The command can only be applied to a project build target, a stage or the combined project target, in which case all the targets will be affected. A build tree stage will be added if --stage is enabled, and the resulting dataset(-s) will be saved if --apply is enabled.

Usage:

datum filter [-h] [-e FILTER] [-m MODE] [--dry-run] [--stage STAGE]
  [--apply APPLY] [-o DST_DIR] [--overwrite] [-p PROJECT_DIR] [target]

Parameters:

  • <target> (string) - Target dataset revpath. By default, filters all targets of the current project.
  • -e, --filter (string) - XML XPath filter expression for dataset items
  • -m, --mode (string) - The filtering mode. Default is the i mode.
  • --dry-run - Print XML representations of the filtered dataset and exit.
  • --stage (bool) - Include this action as a project build step. If true, this operation will be saved in the project build tree, allowing to reproduce the resulting dataset later. Applicable only to main project targets (i.e. data sources and the project target, but not intermediate stages). Enabled by default.
  • --apply (bool) - Run this command immediately. If disabled, only the build tree stage will be written. Enabled by default.
  • -o, --output-dir (string) - Output directory. Can be omitted for main project targets (i.e. data sources and the project target, but not intermediate stages) and dataset targets.
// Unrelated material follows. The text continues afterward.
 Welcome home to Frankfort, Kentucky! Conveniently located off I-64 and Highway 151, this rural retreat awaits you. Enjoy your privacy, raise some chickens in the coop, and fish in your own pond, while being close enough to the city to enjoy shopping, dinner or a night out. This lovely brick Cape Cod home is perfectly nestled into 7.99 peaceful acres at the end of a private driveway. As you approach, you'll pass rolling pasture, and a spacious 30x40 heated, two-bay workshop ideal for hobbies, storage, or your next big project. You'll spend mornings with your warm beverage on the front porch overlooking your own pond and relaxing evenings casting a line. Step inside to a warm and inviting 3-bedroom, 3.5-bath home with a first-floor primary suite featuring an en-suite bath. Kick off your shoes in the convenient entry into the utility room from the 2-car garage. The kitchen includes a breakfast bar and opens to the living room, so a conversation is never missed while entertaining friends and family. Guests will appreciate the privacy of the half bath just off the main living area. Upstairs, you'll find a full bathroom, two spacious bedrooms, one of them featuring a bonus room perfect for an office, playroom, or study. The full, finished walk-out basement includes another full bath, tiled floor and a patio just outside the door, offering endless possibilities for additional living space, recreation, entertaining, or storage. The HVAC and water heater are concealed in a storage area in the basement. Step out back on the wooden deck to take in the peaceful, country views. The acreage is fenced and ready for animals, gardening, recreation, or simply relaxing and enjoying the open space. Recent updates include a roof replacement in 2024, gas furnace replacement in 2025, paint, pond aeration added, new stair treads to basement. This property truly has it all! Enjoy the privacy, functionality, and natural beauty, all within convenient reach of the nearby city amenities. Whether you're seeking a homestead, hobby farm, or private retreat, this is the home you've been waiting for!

If not specified, the results will be saved inplace.
  • --overwrite - Allows to overwrite existing files in the output directory, when it is specified and is not empty.
  • -p, --project (string) - Directory of the project to operate on (default: current directory).
  • -h, --help - Print the help message and exit.
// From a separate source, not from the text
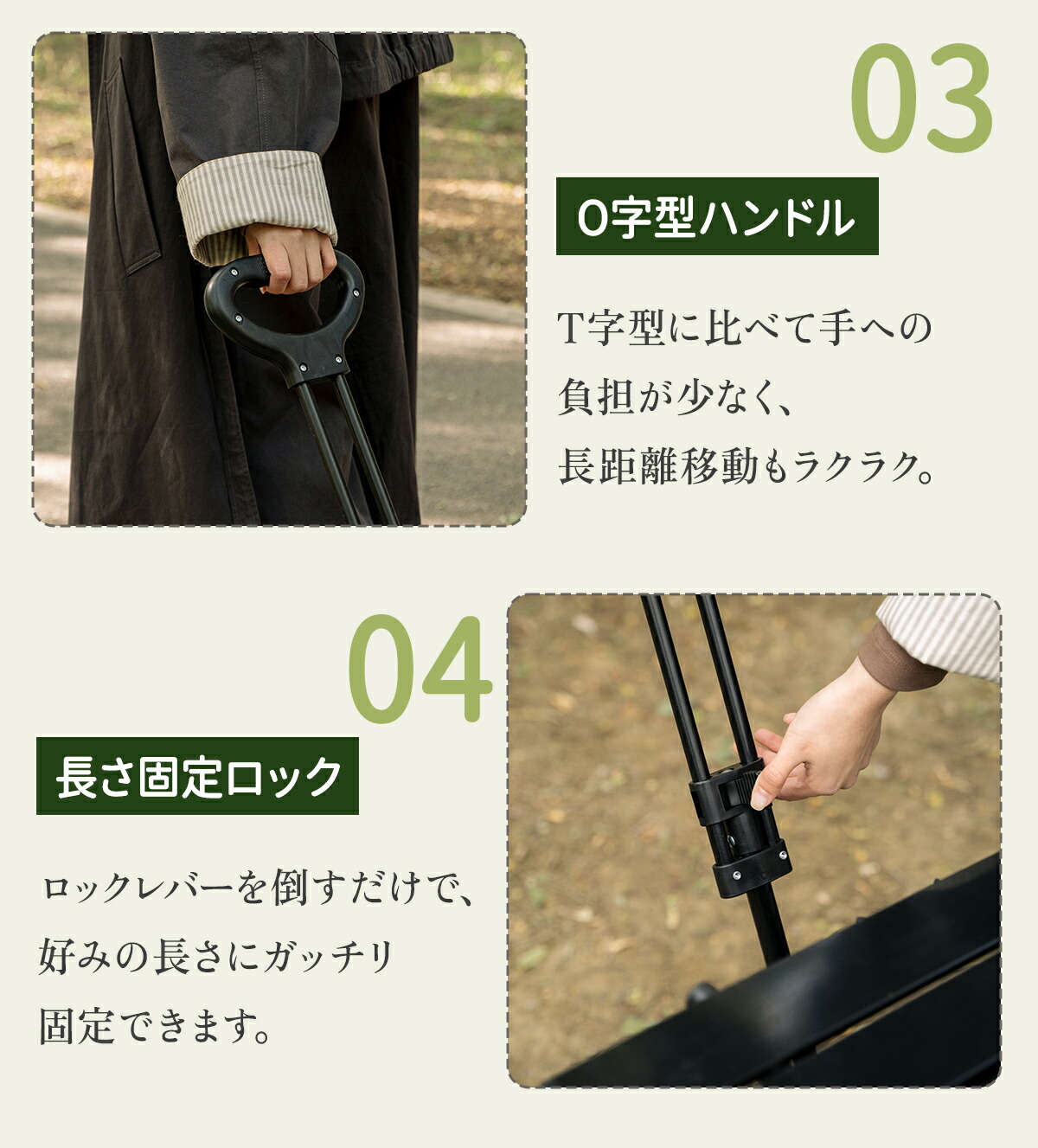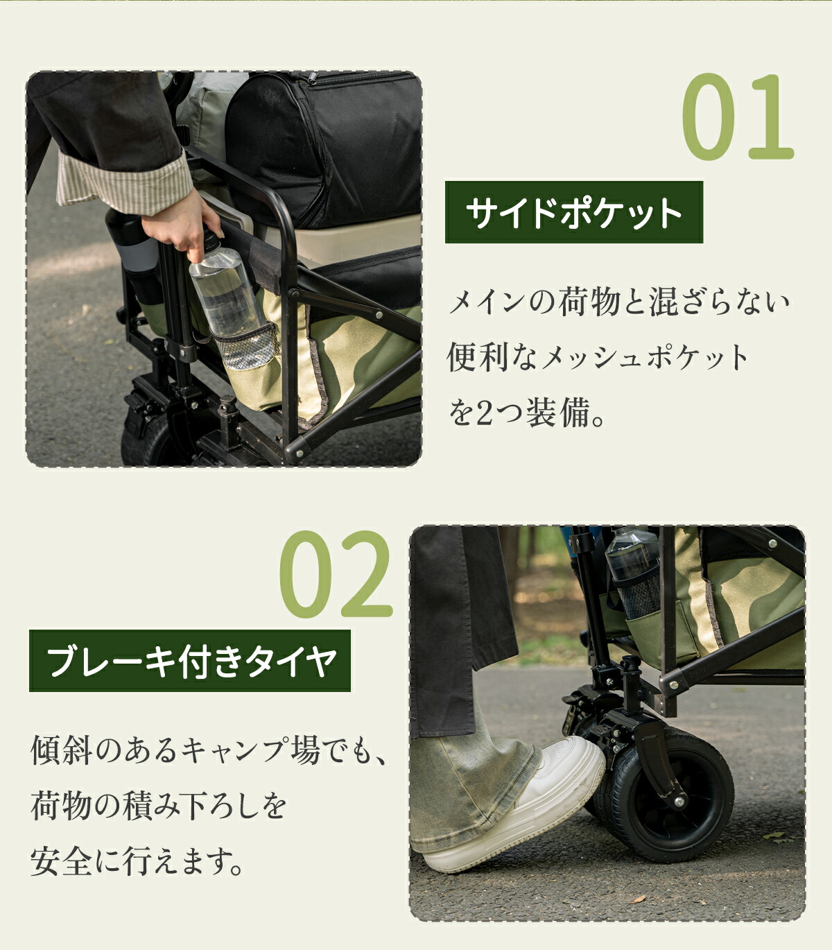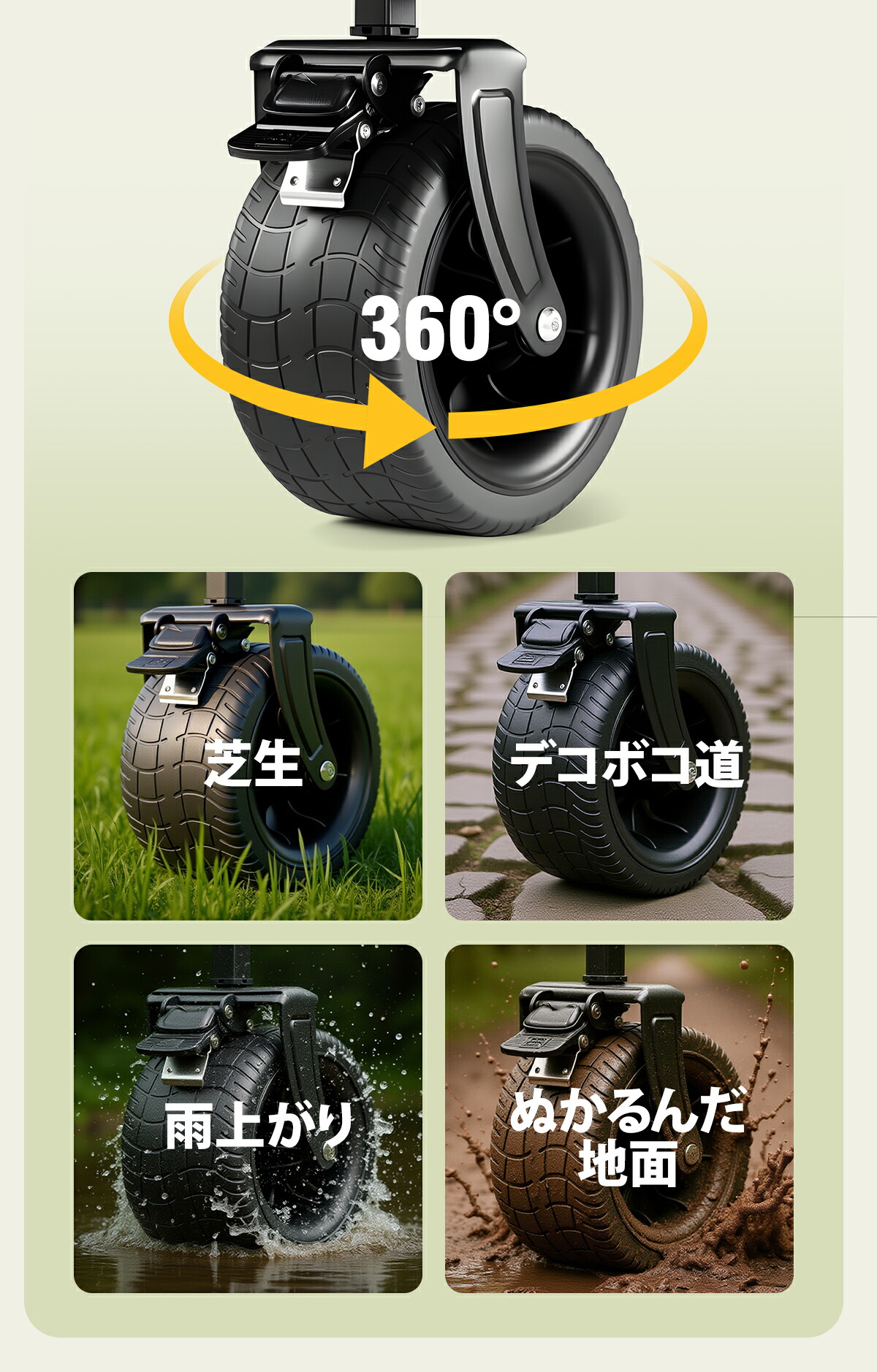 砂利道や芝生でも埋まりにくい大型ワイドタイヤを採用。前輪は360度回転するので小回りも抜群です。さらにストッパー(ブレーキ)付きで、傾斜のある場所でも勝手に転がらず安全に固定できます。

Example: extract a dataset with images with width < height

datum filter \
  -p test_project \
  -e '/item[image/width < image/height]'

Example: extract a dataset with images of the train subset

datum filter \
  -p test_project \
  -e '/item[subset="train"]'

Example: extract a dataset with only large annotations of the cat class and any non-persons

datum filter \
  -p test_project \
  --mode annotations \
  -e '/item/annotation[(label="cat" and area > 99.5) or label!="person"]'

Example: extract a dataset with non-occluded annotations, remove empty images. Use data only from the “s1” source of the project.

datum create
datum import --format voc -i <path/to/dataset1/> --name s1
datum import --format voc -i <path/to/dataset2/> --name s2
datum filter s1 \
  -m i+a -e '/item/annotation[occluded="False"]'